| WHAT IS EXPECTED |
Once the line holding "新華社北京1月16日電(記者" is written out, stop; begin at the first line of the material below and retype exactly, dropping pictures.

::::

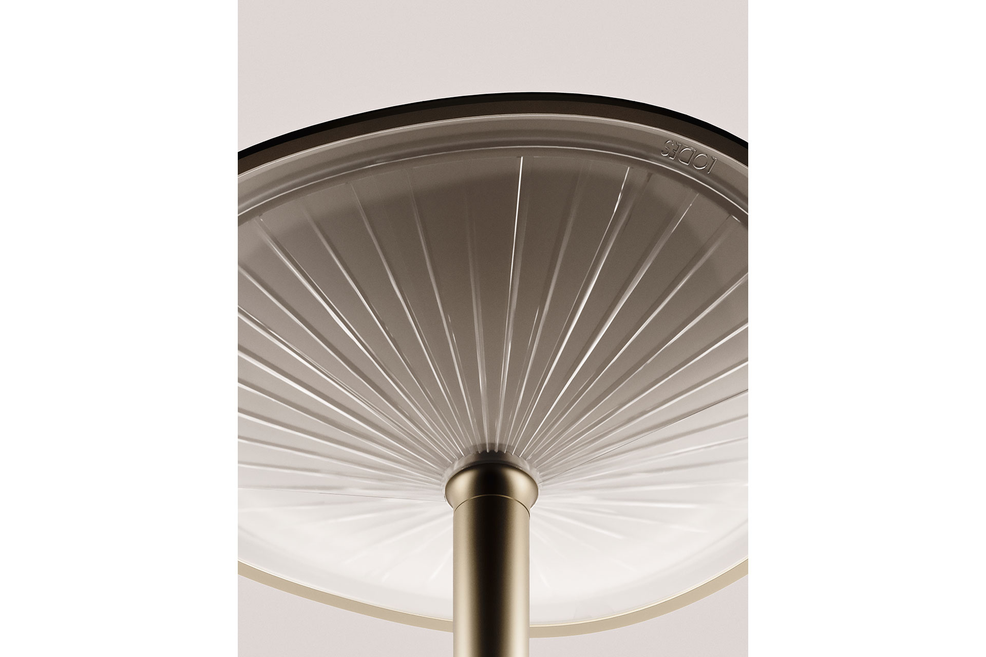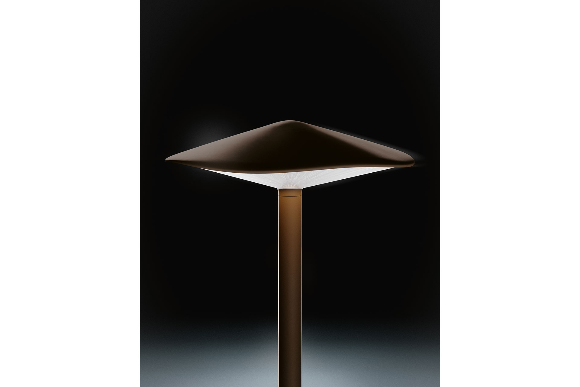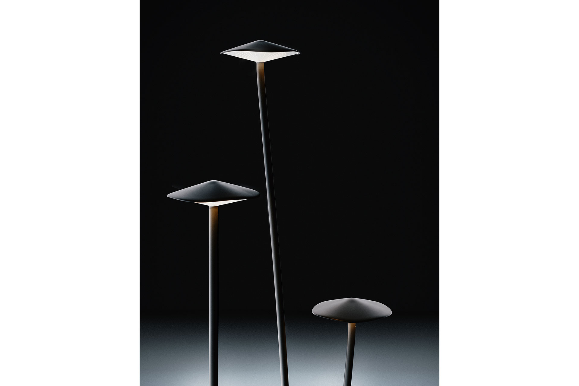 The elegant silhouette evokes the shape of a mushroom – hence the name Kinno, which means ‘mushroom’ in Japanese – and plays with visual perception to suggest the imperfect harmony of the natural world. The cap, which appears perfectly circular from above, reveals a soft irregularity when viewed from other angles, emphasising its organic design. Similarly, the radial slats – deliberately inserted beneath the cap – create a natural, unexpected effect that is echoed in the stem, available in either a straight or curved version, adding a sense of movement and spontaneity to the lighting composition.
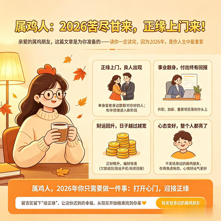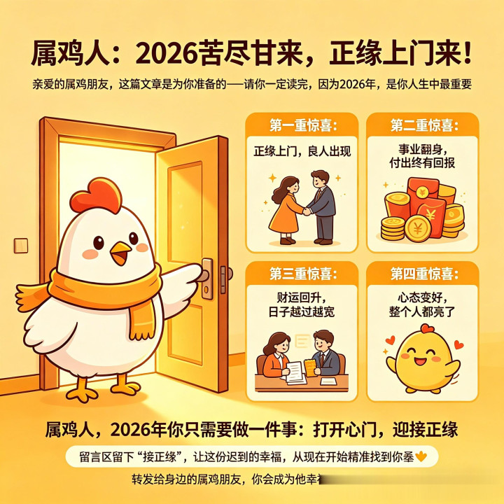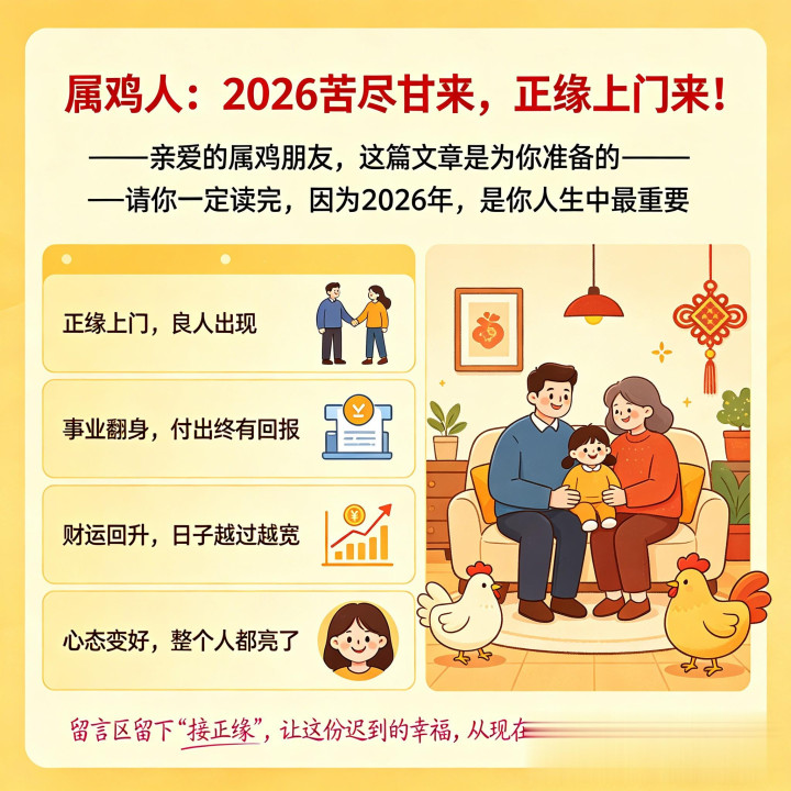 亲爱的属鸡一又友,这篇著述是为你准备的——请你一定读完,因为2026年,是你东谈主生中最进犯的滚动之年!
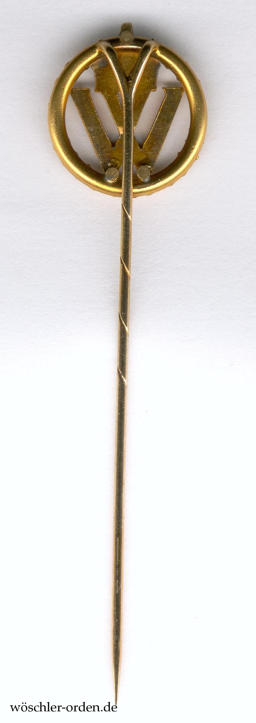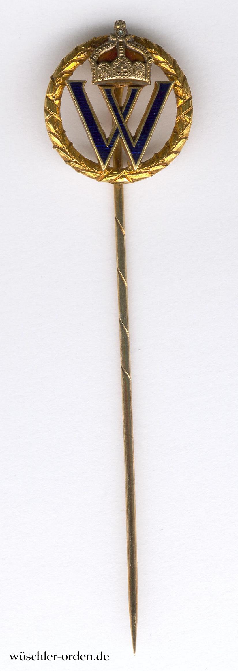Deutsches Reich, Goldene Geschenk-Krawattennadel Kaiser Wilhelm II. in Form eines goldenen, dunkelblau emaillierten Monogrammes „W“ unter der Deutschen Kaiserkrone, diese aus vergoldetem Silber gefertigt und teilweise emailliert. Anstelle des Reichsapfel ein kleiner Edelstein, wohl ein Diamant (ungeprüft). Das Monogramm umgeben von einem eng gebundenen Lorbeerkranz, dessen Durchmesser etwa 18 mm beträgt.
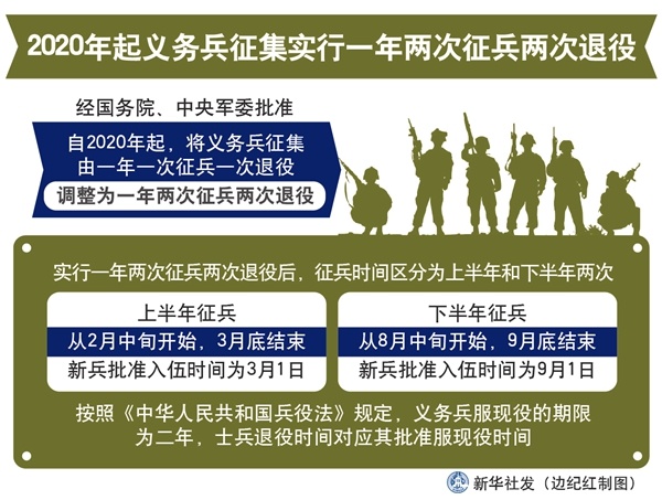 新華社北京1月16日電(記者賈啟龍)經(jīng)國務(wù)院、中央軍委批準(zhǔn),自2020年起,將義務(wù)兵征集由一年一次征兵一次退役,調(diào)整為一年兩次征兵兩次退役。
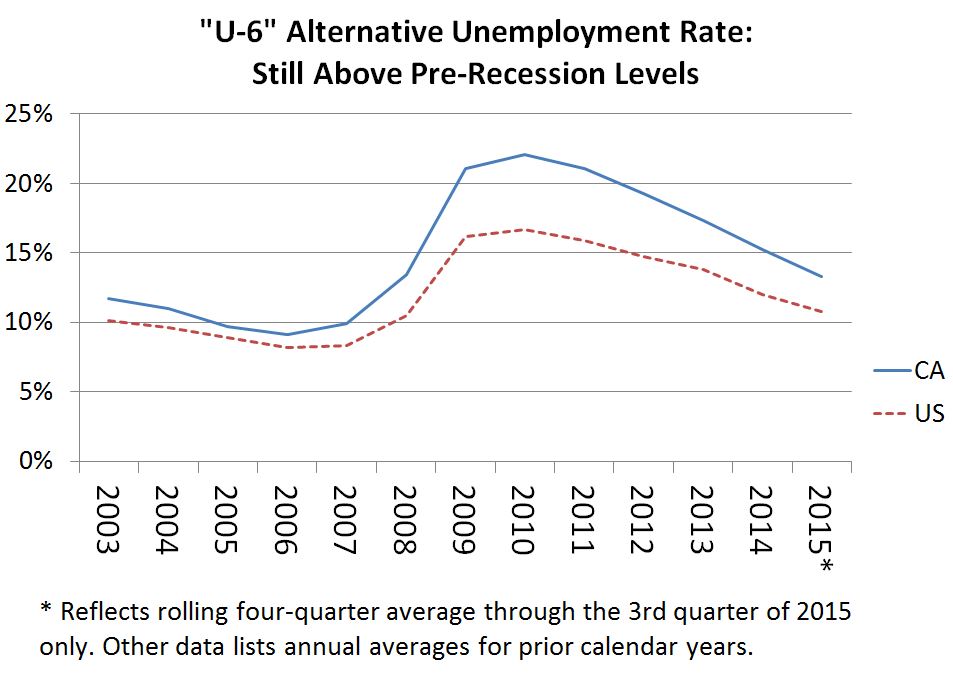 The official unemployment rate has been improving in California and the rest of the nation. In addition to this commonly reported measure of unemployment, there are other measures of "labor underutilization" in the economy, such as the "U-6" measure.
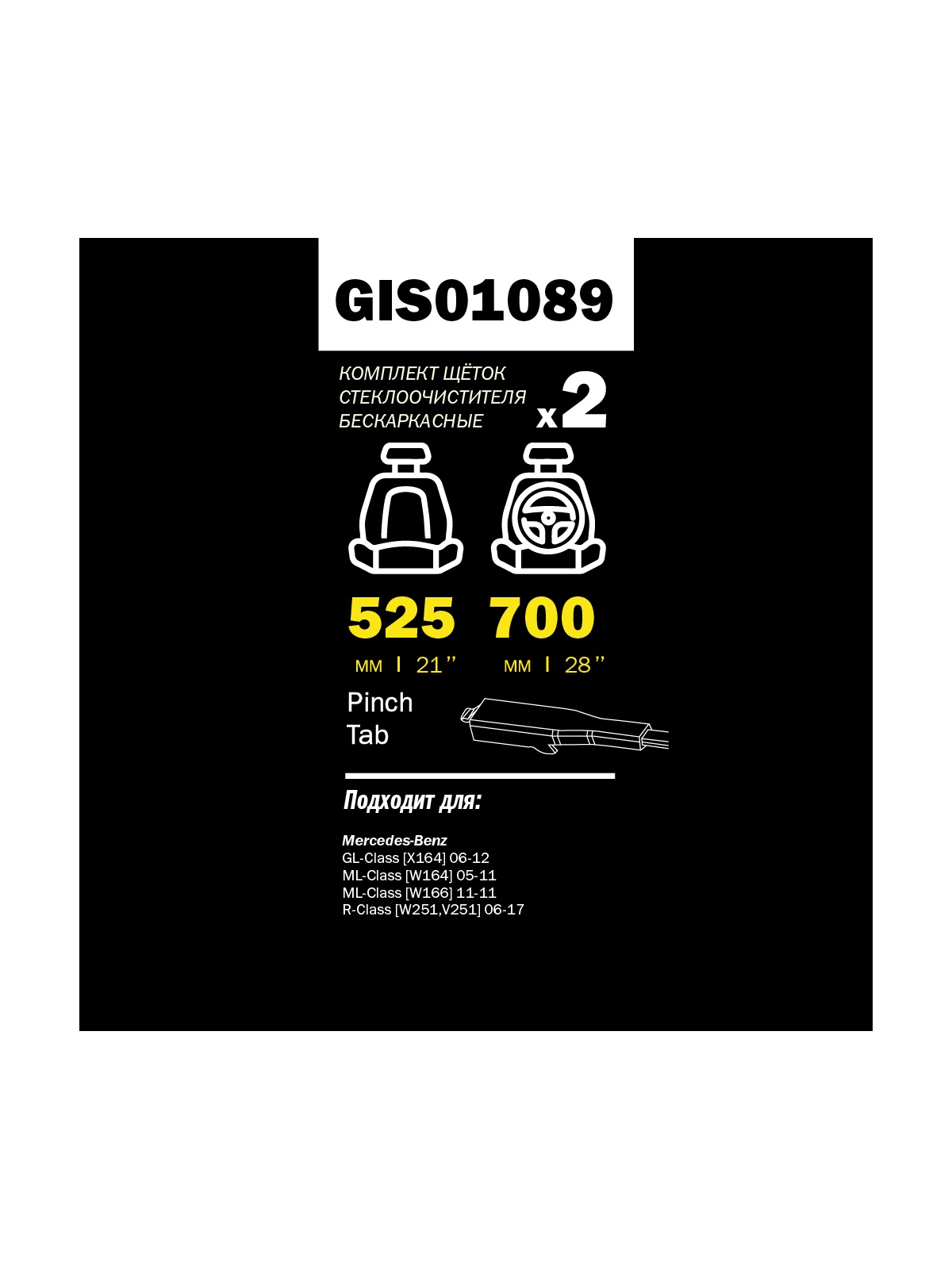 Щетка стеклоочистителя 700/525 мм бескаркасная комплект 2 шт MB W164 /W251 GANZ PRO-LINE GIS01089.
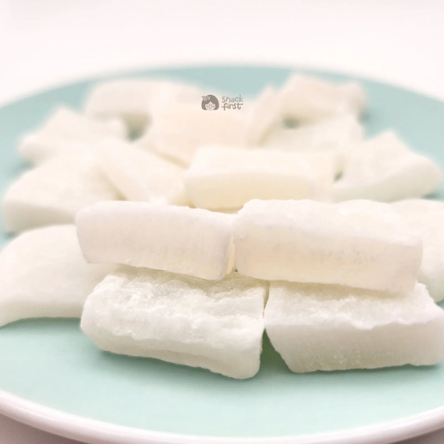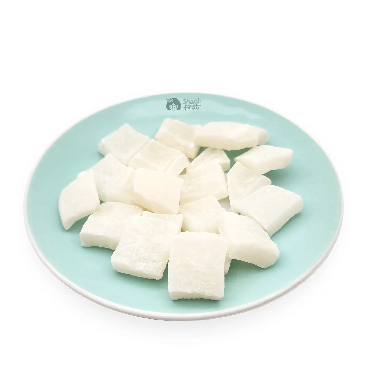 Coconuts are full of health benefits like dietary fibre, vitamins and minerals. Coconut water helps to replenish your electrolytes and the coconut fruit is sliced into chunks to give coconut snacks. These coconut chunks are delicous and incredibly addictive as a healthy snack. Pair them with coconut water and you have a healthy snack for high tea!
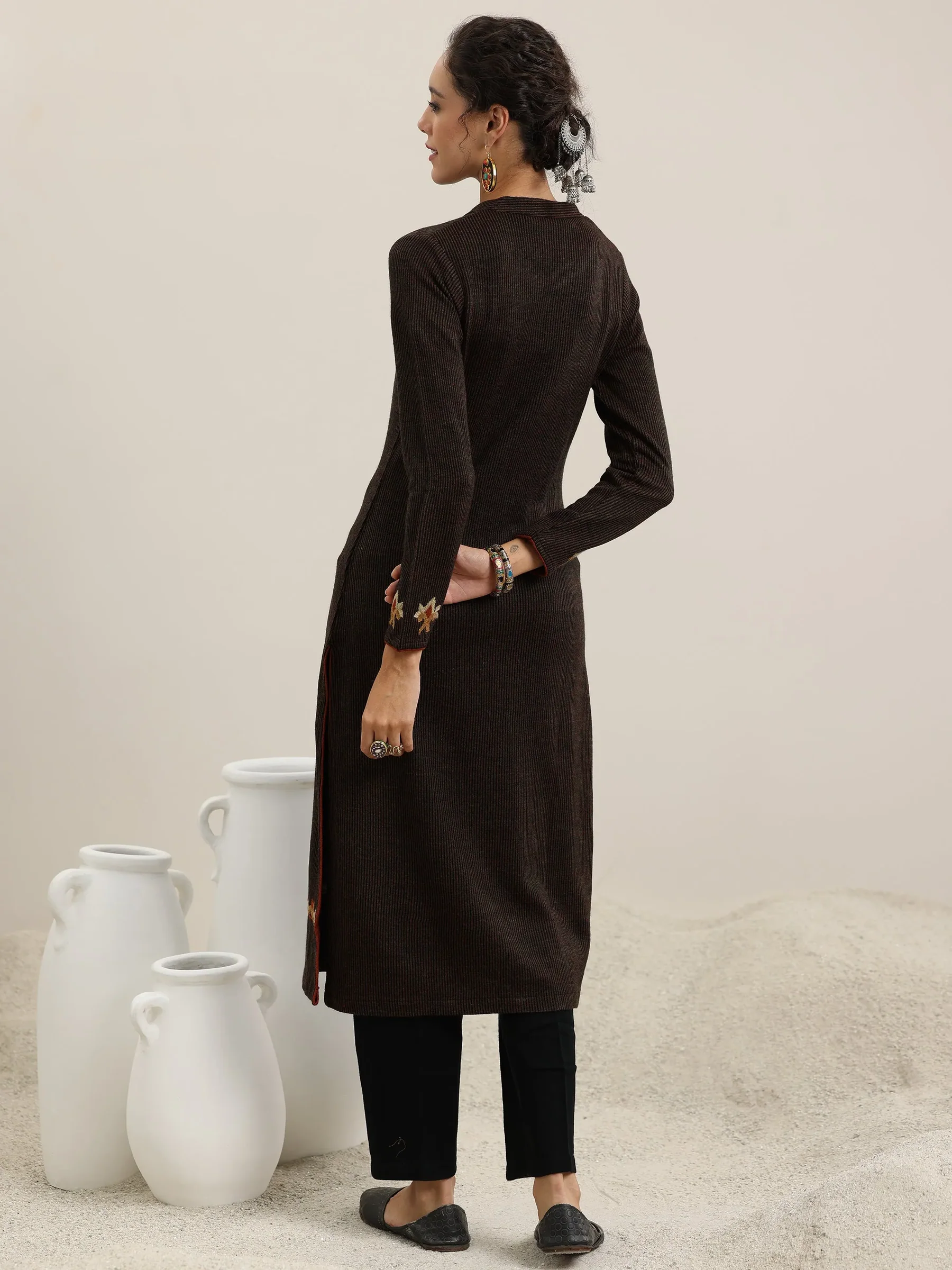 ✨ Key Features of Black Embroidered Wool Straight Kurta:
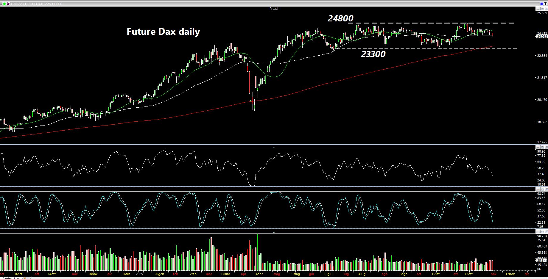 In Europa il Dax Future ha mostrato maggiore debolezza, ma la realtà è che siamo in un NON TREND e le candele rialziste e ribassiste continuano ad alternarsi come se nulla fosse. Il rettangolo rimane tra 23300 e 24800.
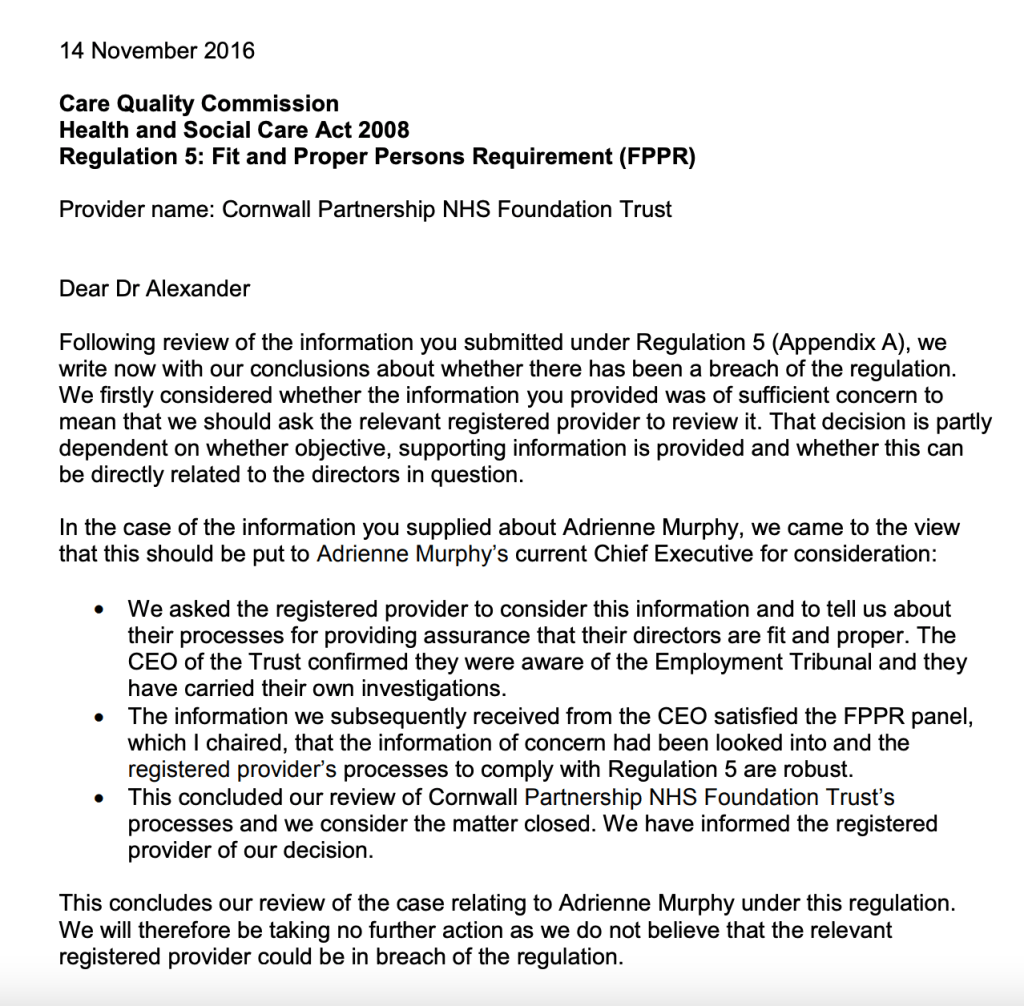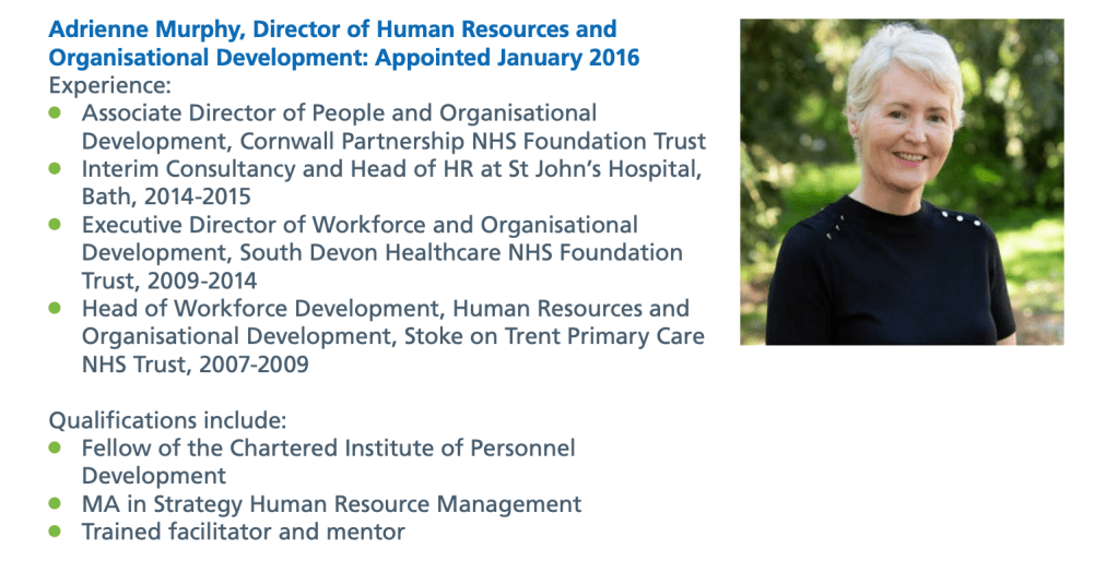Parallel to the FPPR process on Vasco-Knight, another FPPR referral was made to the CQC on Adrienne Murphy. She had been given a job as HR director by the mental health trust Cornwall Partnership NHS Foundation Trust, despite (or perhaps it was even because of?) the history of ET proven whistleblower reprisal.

::::

| SOLVED EXERCISE |
 The elegant silhouette evokes the shape of a mushroom – hence the name Kinno, which means ‘mushroom’ in Japanese – and plays with visual perception to suggest the imperfect harmony of the natural world. The cap, which appears perfectly circular from above, reveals a soft irregularity when viewed from other angles, emphasising its organic design. Similarly, the radial slats – deliberately inserted beneath the cap – create a natural, unexpected effect that is echoed in the stem, available in either a straight or curved version, adding a sense of movement and spontaneity to the lighting composition.
 亲爱的属鸡一又友,这篇著述是为你准备的——请你一定读完,因为2026年,是你东谈主生中最进犯的滚动之年!
Deutsches Reich, Goldene Geschenk-Krawattennadel Kaiser Wilhelm II. in Form eines goldenen, dunkelblau emaillierten Monogrammes „W“ unter der Deutschen Kaiserkrone, diese aus vergoldetem Silber gefertigt und teilweise emailliert. Anstelle des Reichsapfel ein kleiner Edelstein, wohl ein Diamant (ungeprüft). Das Monogramm umgeben von einem eng gebundenen Lorbeerkranz, dessen Durchmesser etwa 18 mm beträgt.
 新華社北京1月16日電(記者賈啟龍)經(jīng)國務(wù)院、中央軍委批準(zhǔn),自2020年起,將義務(wù)兵征集由一年一次征兵一次退役,調(diào)整為一年兩次征兵兩次退役。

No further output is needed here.